Action item |
Return every line below as is, leaving out the pictures.
- Opening Delimiter -
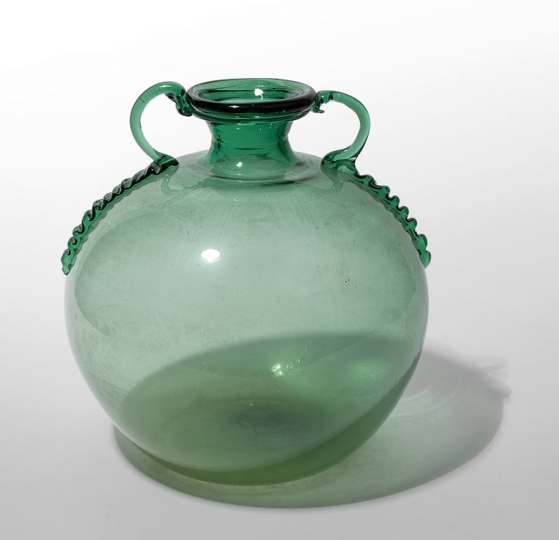 Un vaso biansato in vetro trasparente verde, modello 5457, 1925.
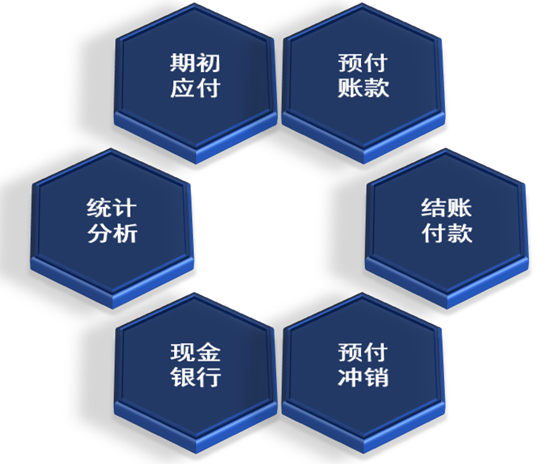 主要包括:應(yīng)付賬款管理、應(yīng)付費用、預(yù)付款管理、對賬管理、付款、壞賬管理、賬戶收支總賬、賬戶收支明細賬,以及應(yīng)付管理相關(guān)的明細報表和統(tǒng)計分析報表及圖表。
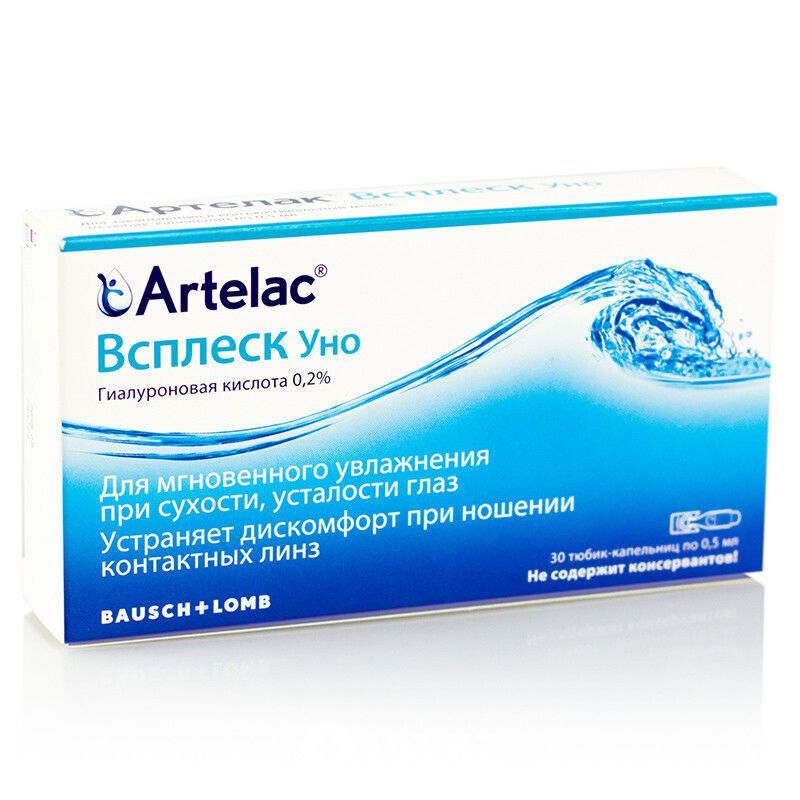 Артелак Всплеск Уно – это высококачественные увлажняющие капли для глаз. В состав этого средства входит натуральный полимер гиалоурановая кислота. Купить его рекомендуют людям, страдающим от сухости глаз.
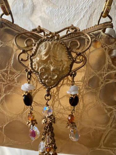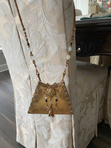 Exquisite limited edition in perfect condition bc it was maybe worn twice. It is more of a work of art. It is a gold- like neutral color. It can be a crossbody, shoulder bag or clutch. I was told they beaded and gemstone strap can be removed to wear, although I never did and not sure how. There is a decora...
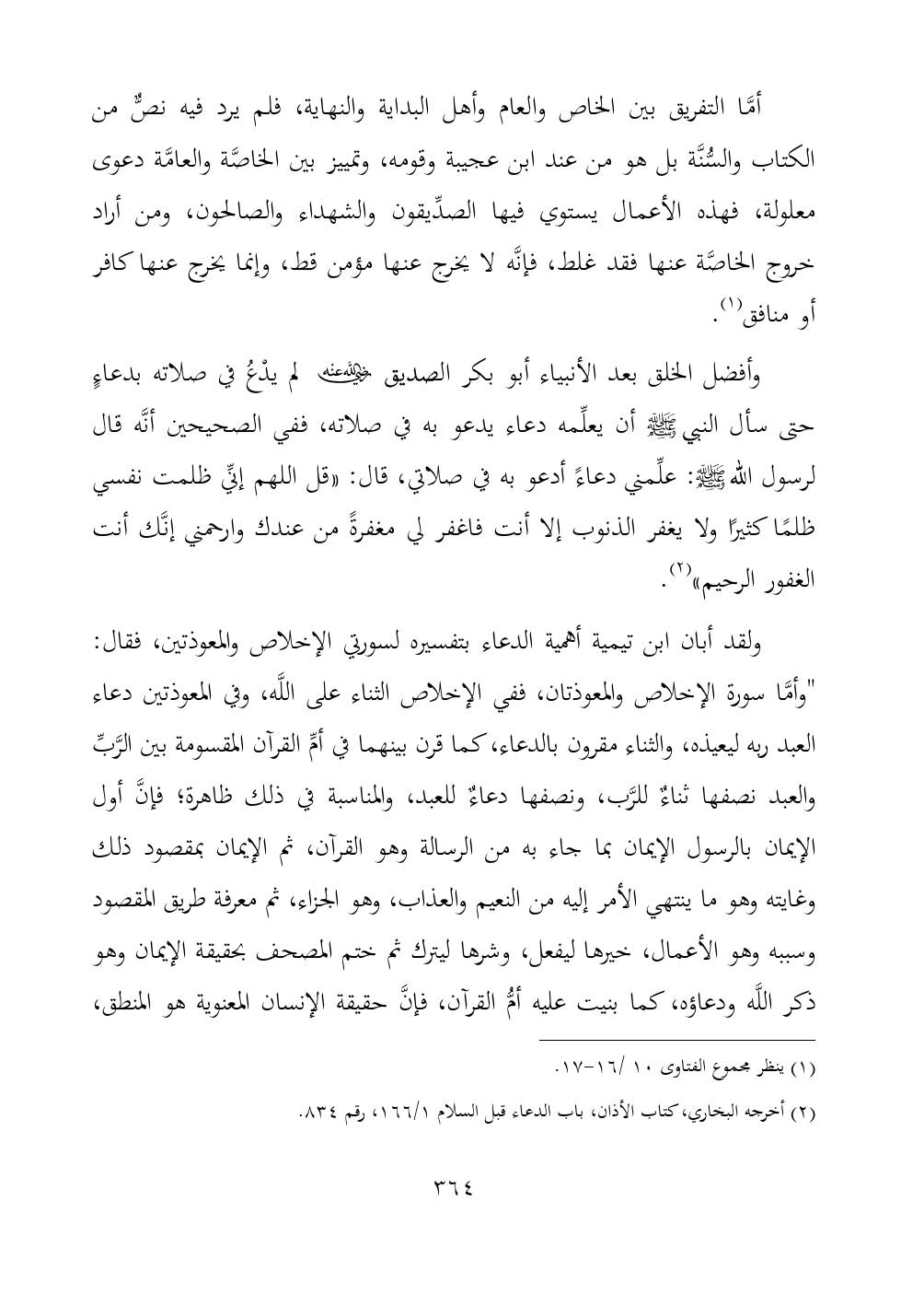 ولقد أبان ابن تيمية أهمية الدعاء بتفسيره لسورتي الإخلاص والمعوذتين، فقال: "وأمَّا سورة الإخلاص والمعوذتان، ففي الإخلاص الثناء على اللَّه، وفي المعوذتين دعاء العبد ربه ليعيذه، والثناء مقرون بالدعاء، كما قرن بينهما في أمِّ القرآن المقسومة بين الرَّبِّ والعبد نصفها ثناءٌ للرَّب، ونصفها دعاءٌ للعبد، والمناسبة في ذلك ظاهرة؛ فإنَّ أول الإيمان بالرسول الإيمان بما جاء به من الرسالة وهو القرآن، ثم الإيمان بمقصود ذلك وغايته وهو ما ينتهي الأمر إليه من النعيم والعذاب، وهو الجزاء، ثم معرفة طريق المقصود وسببه وهو الأعمال، خيرها ليفعل، وشرها ليترك ثم ختم المصحف بحقيقة الإيمان وهو ذكر اللَّه ودعاؤه، كما بنيت عليه أمُّ القرآن، فإنَّ حقيقة الإنسان المعنوية هو المنطق،
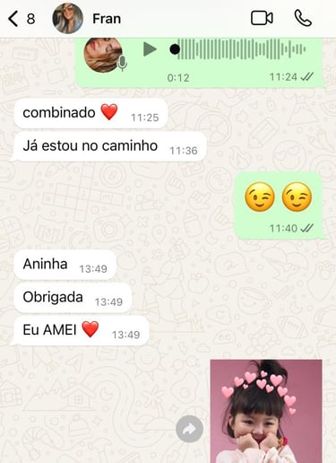 Com formação profissional em Cabeleireira e Design de Sobrancelhas e especialização em cortes femininos, Aninha também é maquiadora profissional com curso completo na área. Sua dedicação, técnica e atenção aos detalhes tornam cada atendimento único, levando autoestima e elegância para suas clientes.
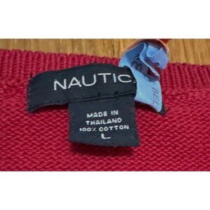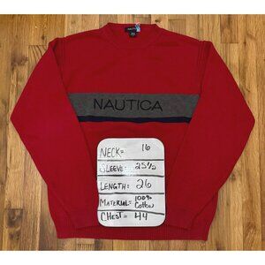 Vintage Nautica Red Logo Crewneck Sweater Cotton Knit Y2K Preppy Men’s L Retro
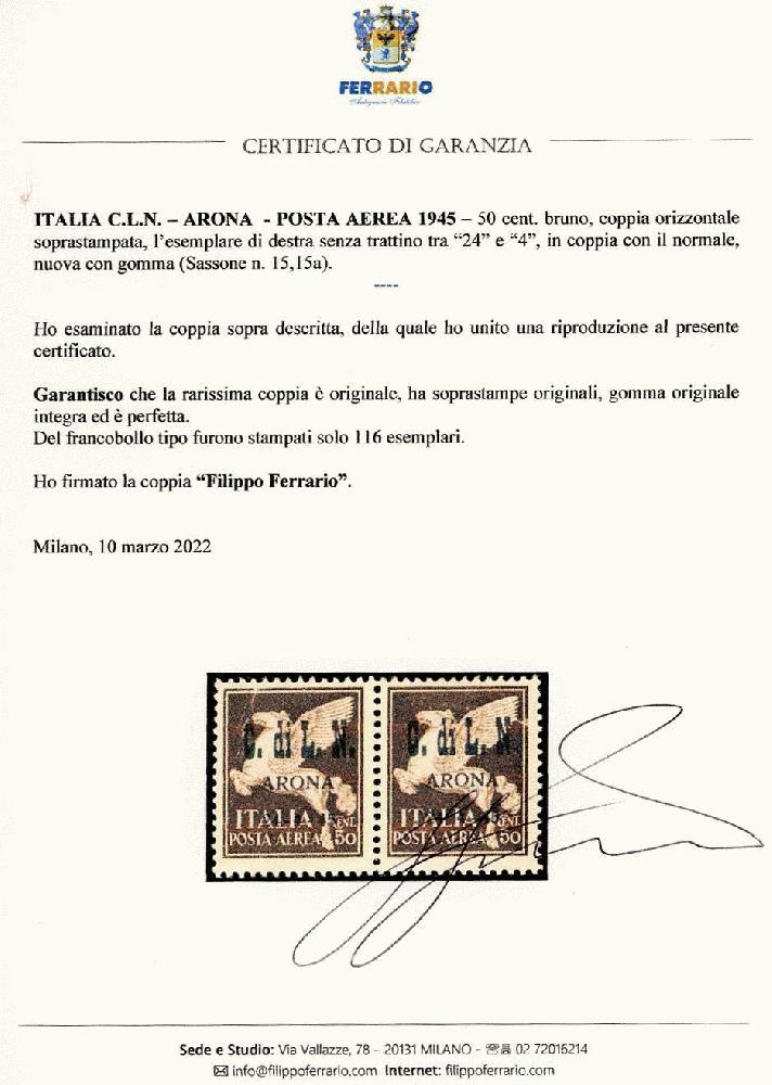 | Zusatzinformationen und Suchstichworte: | 26. Ferrario Auktion 1. Oktober 2022 Los 1509 Italien Lokalausgaben C.L.N. Arona ARONA POSTA AEREA 1945 - 50 cent., coppia, un esemplare senza trattino tra "24" e "4" /15,15a), gomma originale integra, perfetta. Molto rara, tiratura 116 esemplari del francobollo tipo. Cert. Ferrario. Cat. € 20000 Ausruf 1.000,00 EUR |
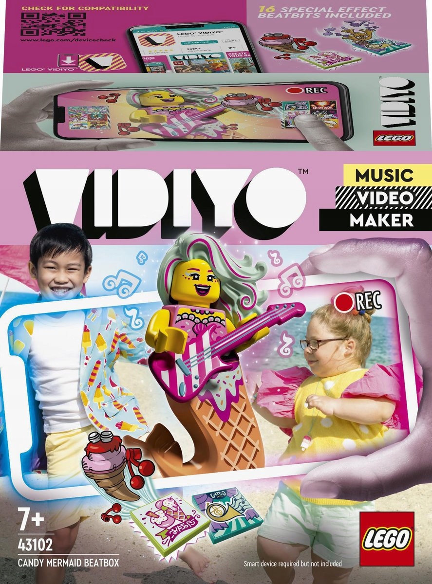 - Заохочуйте своїх дітей створювати власні музичні відео за допомогою набору LEGO VIDIYO Candy Mermaid BeatBox (43102). Містить мініфігурку русалки з гітарою, 14 випадкових BeatBits і два спеціальних BeatBits.
- Closing Delimiter -
Result of the exercise |
 Un vaso biansato in vetro trasparente verde, modello 5457, 1925.
 主要包括:應(yīng)付賬款管理、應(yīng)付費用、預(yù)付款管理、對賬管理、付款、壞賬管理、賬戶收支總賬、賬戶收支明細賬,以及應(yīng)付管理相關(guān)的明細報表和統(tǒng)計分析報表及圖表。
 Артелак Всплеск Уно – это высококачественные увлажняющие капли для глаз. В состав этого средства входит натуральный полимер гиалоурановая кислота. Купить его рекомендуют людям, страдающим от сухости глаз.
 Exquisite limited edition in perfect condition bc it was maybe worn twice. It is more of a work of art. It is a gold- like neutral color. It can be a crossbody, shoulder bag or clutch. I was told they beaded and gemstone strap can be removed to wear, although I never did and not sure how. There is a decora...
 ولقد أبان ابن تيمية أهمية الدعاء بتفسيره لسورتي الإخلاص والمعوذتين، فقال: "وأمَّا سورة الإخلاص والمعوذتان، ففي الإخلاص الثناء على اللَّه، وفي المعوذتين دعاء العبد ربه ليعيذه، والثناء مقرون بالدعاء، كما قرن بينهما في أمِّ القرآن المقسومة بين الرَّبِّ والعبد نصفها ثناءٌ للرَّب، ونصفها دعاءٌ للعبد، والمناسبة في ذلك ظاهرة؛ فإنَّ أول الإيمان بالرسول الإيمان بما جاء به من الرسالة وهو القرآن، ثم الإيمان بمقصود ذلك وغايته وهو ما ينتهي الأمر إليه من النعيم والعذاب، وهو الجزاء، ثم معرفة طريق المقصود وسببه وهو الأعمال، خيرها ليفعل، وشرها ليترك ثم ختم المصحف بحقيقة الإيمان وهو ذكر اللَّه ودعاؤه، كما بنيت عليه أمُّ القرآن، فإنَّ حقيقة الإنسان المعنوية هو المنطق،
 Com formação profissional em Cabeleireira e Design de Sobrancelhas e especialização em cortes femininos, Aninha também é maquiadora profissional com curso completo na área. Sua dedicação, técnica e atenção aos detalhes tornam cada atendimento único, levando autoestima e elegância para suas clientes.
 Vintage Nautica Red Logo Crewneck Sweater Cotton Knit Y2K Preppy Men’s L Retro
 | Zusatzinformationen und Suchstichworte: | 26. Ferrario Auktion 1. Oktober 2022 Los 1509 Italien Lokalausgaben C.L.N. Arona ARONA POSTA AEREA 1945 - 50 cent., coppia, un esemplare senza trattino tra "24" e "4" /15,15a), gomma originale integra, perfetta. Molto rara, tiratura 116 esemplari del francobollo tipo. Cert. Ferrario. Cat. € 20000 Ausruf 1.000,00 EUR |
 - Заохочуйте своїх дітей створювати власні музичні відео за допомогою набору LEGO VIDIYO Candy Mermaid BeatBox (43102). Містить мініфігурку русалки з гітарою, 14 випадкових BeatBits і два спеціальних BeatBits.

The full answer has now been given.